The emergence of a so-called “super strain” of gonorrhea in the United States has raised alarm among health officials and experts, as many types of antibiotics have been found to be less effective or completely ineffective against this strain.
This marks the first case in the US where all recommended drugs were ineffective in treating the disease. The case, identified in Massachusetts, was successfully treated with ceftriaxone, an antibiotic recommended to treat the disease, state health officials said in a news release.
The newly identified strain showed reduced susceptibility to three types of antibiotics and resistance to an additional three, including penicillin. It marks the first U.S. case in which all recommended drugs were less effective or completely ineffective, the state health department said in a Thursday bulletin to clinicians.
This serves as “an important reminder that strains of gonorrhea in the U.S. are becoming less responsive to a limited arsenal of antibiotics,” health officials said in a statement.
The U.S. is experiencing “a rising epidemic of sexually transmitted disease,” Dr.
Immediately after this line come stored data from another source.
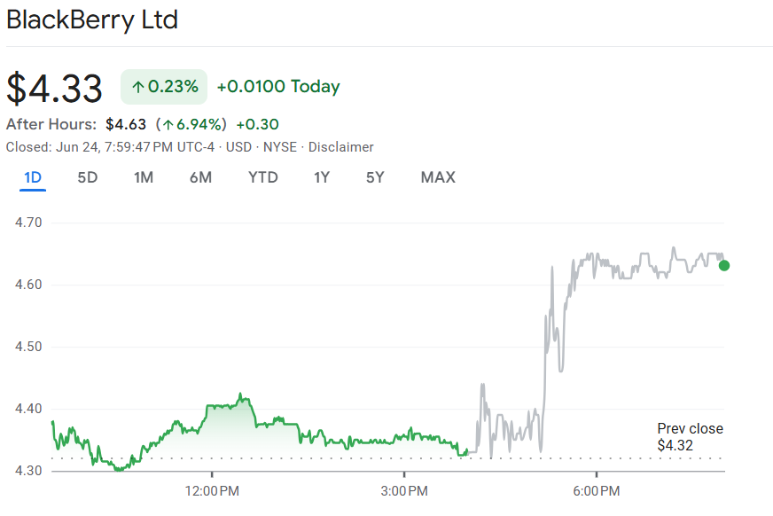 黑莓预计,该部门的营收将在 2.34 亿至 2.44 亿美元之间,高于此前预计的 2.3 亿至2.4 亿美元。黑莓股价盘后大涨近 7%。
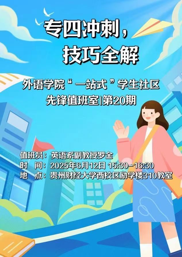 同学们,本周末将迎来英语专业四级考试,你是否还在为写作无从下笔而焦虑?是否还在为听力反应慢而抓狂?别慌!本期“一站式”学生社区先锋值班室我们特邀英语系教工党支部书记罗金博士担任值班员,为大家带来专四核心板块——听力、写作的备考攻略,助你精准突破薄弱环节,高效冲刺高分!
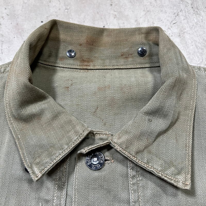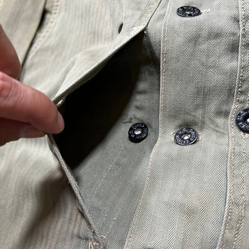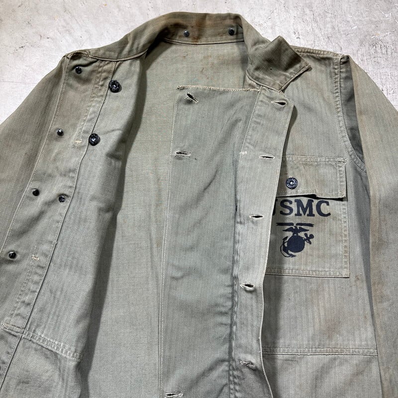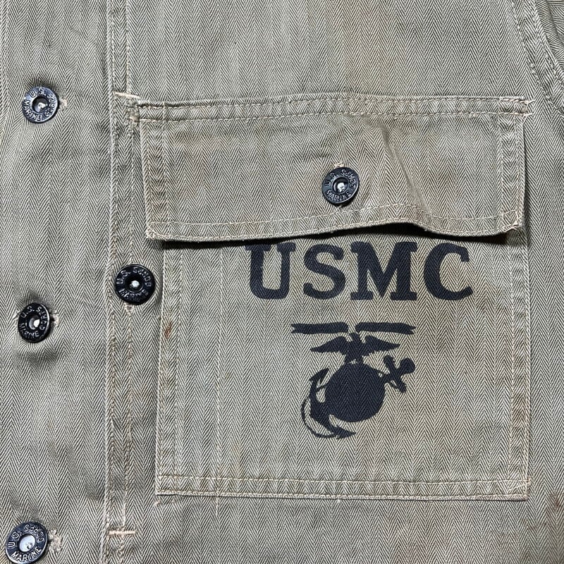 40's U.S.MARINE CORPS P-44 HBTユーティリティージャケット ヘリンボーンツイル USMC WW II 大戦 ガスフラップ 38~40相当 希少 ヴィンテージ BA-2350 RM2769H
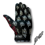 Our Live Fast Motocross gloves are the perfect combination of style and protection. Featuring reinforced stitching, flat velcro, synthetic palms with silicon printing for extra grip, and a super breathable and comfortable design, these gloves are perfect for any rider looking for a stylish and protective glove. The silicon printing provides a secure grip, and the breathable material keeps your hands cool and comfortable. With a bold black and red paisley design, these gloves will turn heads and make you stand out from the crowd. Get ready to hit the Red Line with the boys on a night with Live Fast's Motocross gloves.

Georges Benjamin, executive director of the American Public Health Association, said, with some experts referring to the issue as a “hidden epidemic.”
Cases of gonorrhea, an STD that often shows no signs, but can lead to genital discharge, burning during urination, sores, and rashes, among other symptoms, rose by 131% nationally between 2009 and 2021, according to public health officials. While rates of STD transmission in the U.S. fell during the early months of the pandemic, they surged later in the year, with cases of gonorrhea and syphilis eventually surpassing 2019 levels, according to the CDC.
Another similar strain of gonorrhea, with reduced response to ceftriaxone and another antibiotic, was also recently identified in Massachusetts, health officials noted.
And a similar case was recently seen in Nevada, though that strain remained sensitive to at least one type of antibiotic. The novel strain has been previously reported in Asia-Pacific countries and the United Kingdom in recent years, Massachusetts health officials said.
The emergence of this super strain of gonorrhea highlights the growing concern regarding antimicrobial resistance, one of the top 10 public health threats facing humanity, according to the World Health Organization. Antimicrobial resistance occurs when bacteria, viruses, fungi, and parasites evolve over time, becoming less responsive to medicines, making infections increasingly difficult, or impossible, to treat.
“We are watching this antibiotic era turn into a post-antibiotic era,” Dr. Michael Osterholm, director of the University of Minnesota’s Center for Infectious Disease Research and Policy (CIDRAP), said. “That is a scary proposition.”
Global efforts are underway to slow the increase of resistance, since it’s an impossible process to stop, he says. But little is being done in this regard, or to develop new treatments. A November 2021 statement by the WHO called the clinical pipeline of new antimicrobials “dry.”
Two years later, that pipeline remains dry, according to Benjamin. As an increasing number of treatments become ineffective due to antimicrobial resistance, “we’re having to use ‘more powerful drugs’ with more side effects,” he says. “At some point, we won’t have anything useful to treat [gonorrhea] with.”
It wasn’t so long ago that “children died all the time from bacterial infections that today we wouldn’t think twice about—they’re easy to treat,” Osterholm said.